* _Brief_: Reprint all of the data below exactly as shown and skip every image.

#### Raw data

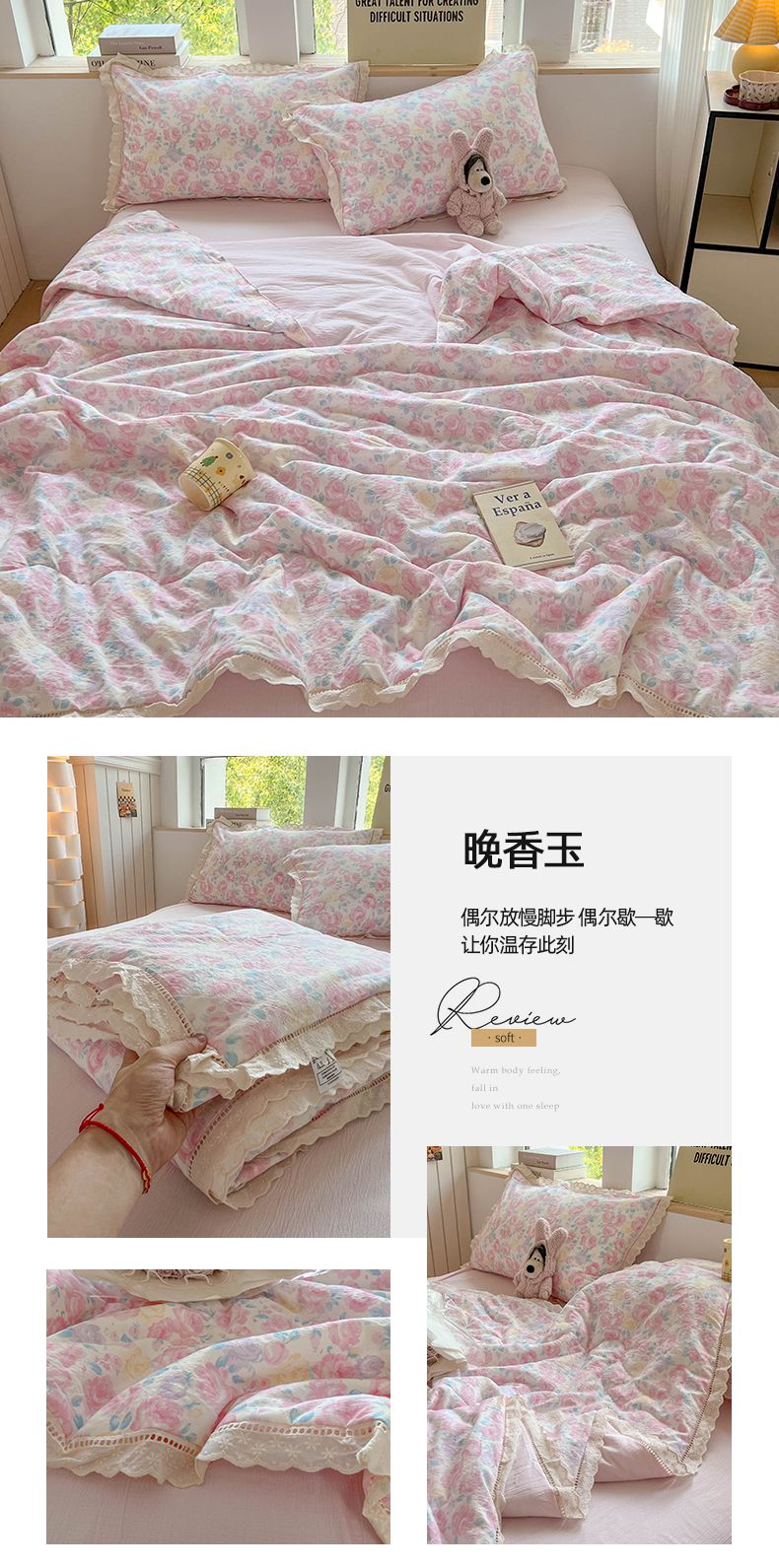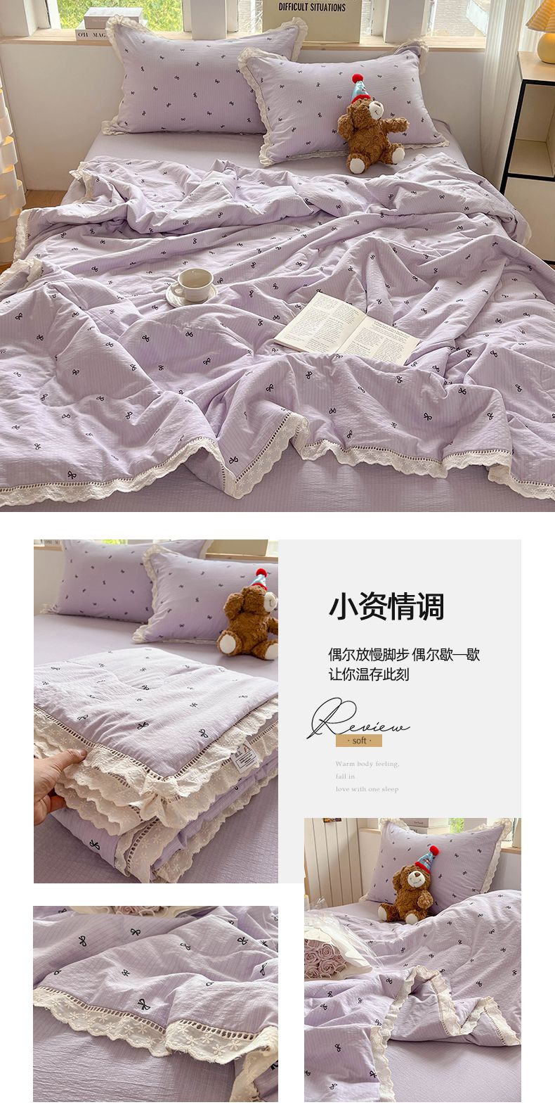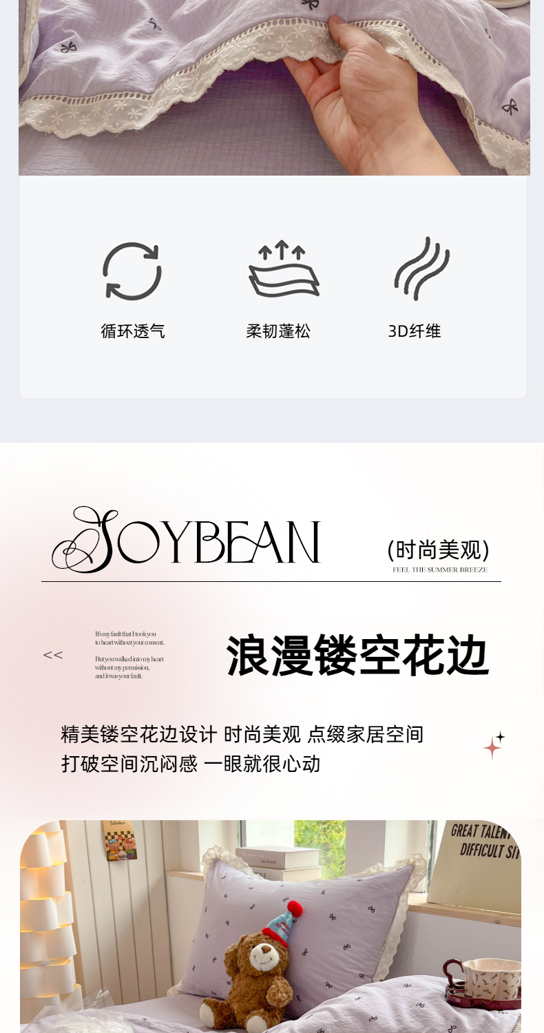 商品名称:温眠家纺 2025新款云感双层纱镂空花边夏被四件套 小资情调
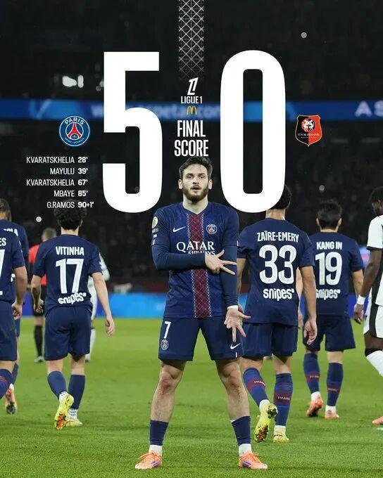北京时间12月7日04:05,法甲联赛第15轮,巴黎圣日耳曼坐镇主场王子公园球场迎战雷恩。上半场,克瓦拉茨赫利亚、马尤卢破门。勒波尔中柱。易边再战,马尤卢中框,克瓦拉茨赫利亚再进一球,雅奎特两黄被罚下,姆巴耶、拉莫斯锦上添花。最终巴黎5-0雷恩。积分榜方面,巴黎33分第二,雷恩24分第六。
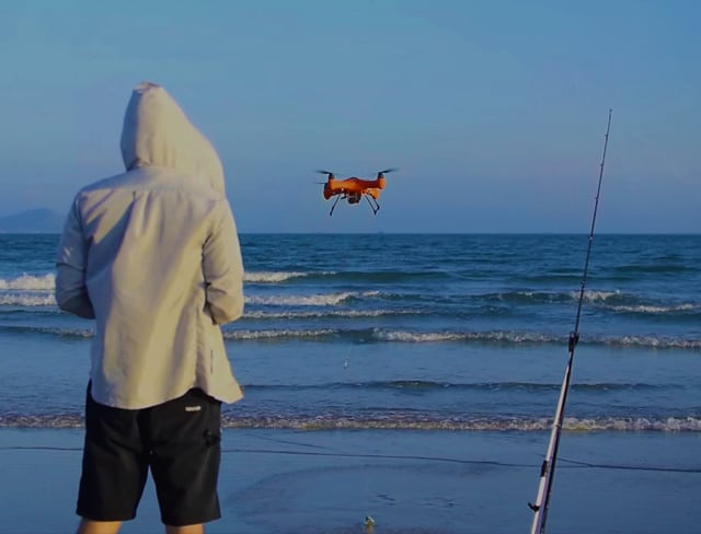 A waterproof drone with an IP67 rating that was designed for use in the water? You bet. The SplashDrone 4 (especially when paired with the PL1-S bait release mechanism) is a powerful option, even though it is a little pricey. It weighs more than 2 kilograms and can carry a load of approximately the same again (about 25 pieces of bait on a line). The drone's orange shell can float on water and take off from it; if it ever finds itself the wrong side up, it can even turn itself upright, which is incredible to see. NaviFly (you will need your phone attached to the top of the remote control) makes it possible to access all the drone perks that a high-end consumer pilot would expect, such as a live view in high resolution and intelligent follow. However, extras like the bait release get more traditional feeling buttons and switches on the IP66 waterproof remote control. Because SwellPro supports its SplashDrone line of drones with many payload release mechanisms for "strolling," anglers don't need a boat to fish up to 1.6 kilometers out from the coast when using one of these drones.
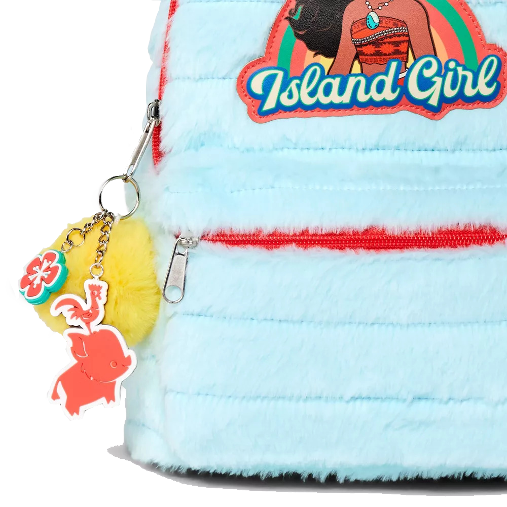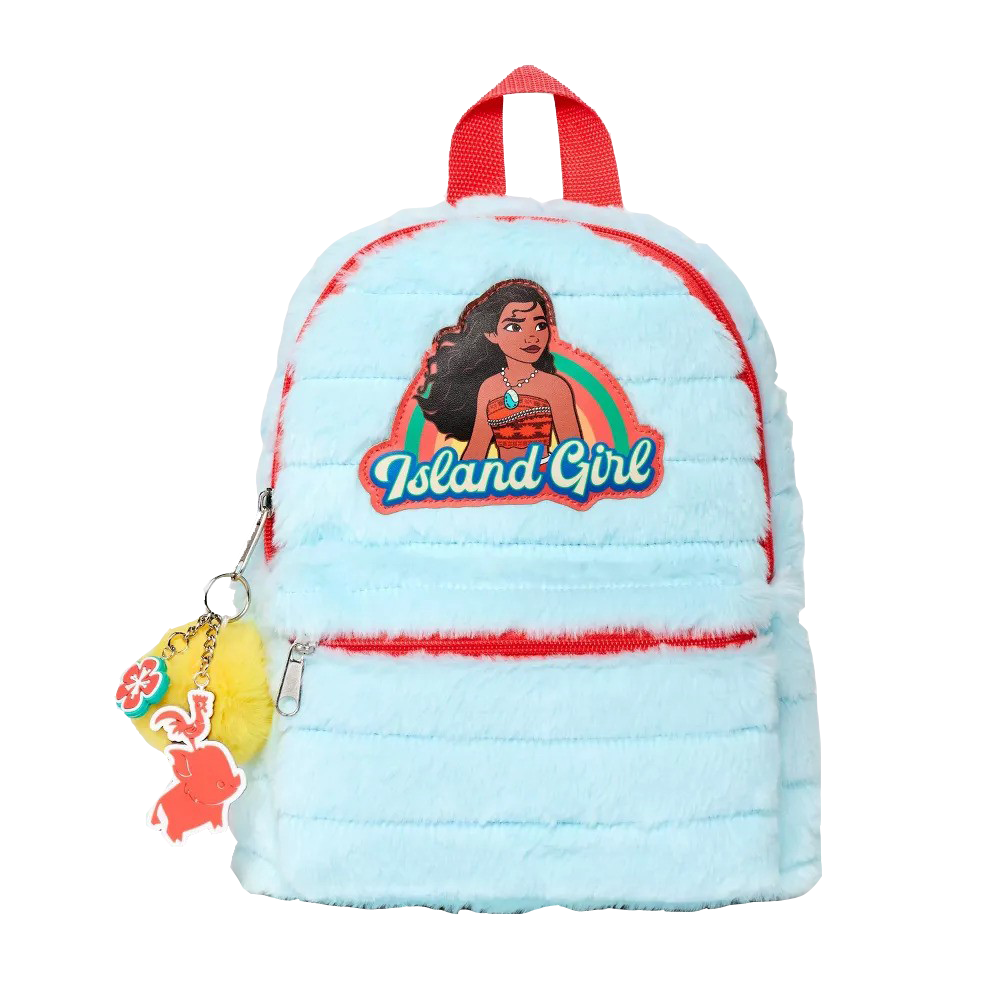 Esta mochila presenta un gráfico de Moana junto con el texto "Island Girl" para un aspecto favorito de los fanáticos.

########

* _Reply_:
 商品名称:温眠家纺 2025新款云感双层纱镂空花边夏被四件套 小资情调
北京时间12月7日04:05,法甲联赛第15轮,巴黎圣日耳曼坐镇主场王子公园球场迎战雷恩。上半场,克瓦拉茨赫利亚、马尤卢破门。勒波尔中柱。易边再战,马尤卢中框,克瓦拉茨赫利亚再进一球,雅奎特两黄被罚下,姆巴耶、拉莫斯锦上添花。最终巴黎5-0雷恩。积分榜方面,巴黎33分第二,雷恩24分第六。
 A waterproof drone with an IP67 rating that was designed for use in the water? You bet. The SplashDrone 4 (especially when paired with the PL1-S bait release mechanism) is a powerful option, even though it is a little pricey. It weighs more than 2 kilograms and can carry a load of approximately the same again (about 25 pieces of bait on a line). The drone's orange shell can float on water and take off from it; if it ever finds itself the wrong side up, it can even turn itself upright, which is incredible to see. NaviFly (you will need your phone attached to the top of the remote control) makes it possible to access all the drone perks that a high-end consumer pilot would expect, such as a live view in high resolution and intelligent follow. However, extras like the bait release get more traditional feeling buttons and switches on the IP66 waterproof remote control. Because SwellPro supports its SplashDrone line of drones with many payload release mechanisms for "strolling," anglers don't need a boat to fish up to 1.6 kilometers out from the coast when using one of these drones.
 Esta mochila presenta un gráfico de Moana junto con el texto "Island Girl" para un aspecto favorito de los fanáticos.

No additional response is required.